Un exemple parfait est donné avec l’analyse de « l’affaire Richard Millet ». Éditeur chez Gallimard, découvreur de deux prix Goncourt, auteur reconnu pour son style, à la tête de plus de 50 ouvrages, il publie en 2012 aux éditions Pierre-Guillaume de Roux trois ouvrages dont un très court Éloge littéraire d’Anders Breivik. Au-delà du titre provocateur, les hyènes littéraires se jettent sur un livre que la plupart de ses contempteurs se vantent de ne pas avoir lu. Des écrivains de troisième ordre comme Annie Ernaux ou Tahar Ben Jelloun vont demander sa tête… et l’obtenir. Richard Millet abandonne son bureau chez Gallimard, les manuscrits lui sont envoyés par la poste, il est frappé de mort sociale et littéraire. L’Ojim a consacré un dossier complet à cette affaire. Pierre Assouline sera l’un des rares à regretter une « amère victoire » dont il n’y a pas lieu d’être fier.

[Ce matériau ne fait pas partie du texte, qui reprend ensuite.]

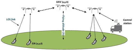 where is the received power at a given distance. In Equation (1), is the reference distance and is the path loss exponent. UAVs are assumed to have the same operating characteristics, featuring the same transmit power, antenna gains, and enough energy storage to complete the mission, and they may fly at different altitudes. GNs can only communicate with each other through UAVs. Assuming communication between a GN and a UAV, d is computed as the Euclidean distance between their transceivers as follows:

Dans un registre plus journalistique, le cas de Robert Ménard est tout aussi emblématique. Au travers d’un entretien enlevé, nous apprendrons que Ménard avait créé à 25 ans un premier journal gratuit avec une rédaction Le Petit Bitterois (Béziers dont il deviendra maire en 2014). Sur sa réputation à Reporters Sans Frontières, il se voit ouvrir les portes de RTL, d’i>Télé, de Sud Radio… qui vont se refermer bien vite lorsqu’il publie au titre de la défense de la liberté d’expression son pamphlet Vive Le Pen. Le patron de RTL se vantera dans Télérama d’avoir « repéré Ménard et de l’avoir viré ». Ménard exclu des médias créera avec succès le tout en ligne Boulevard Voltaire, démontrant que la liberté d’expression se trouve maintenant du côté d’internet, même si le CSA a de fortes envies d’y appliquer la police de la pensée. (voir notre dossier ici)
Un ouvrage tonique, bien documenté, écrit d’une plume alerte qui devrait figurer au programme de toutes les écoles de journalisme.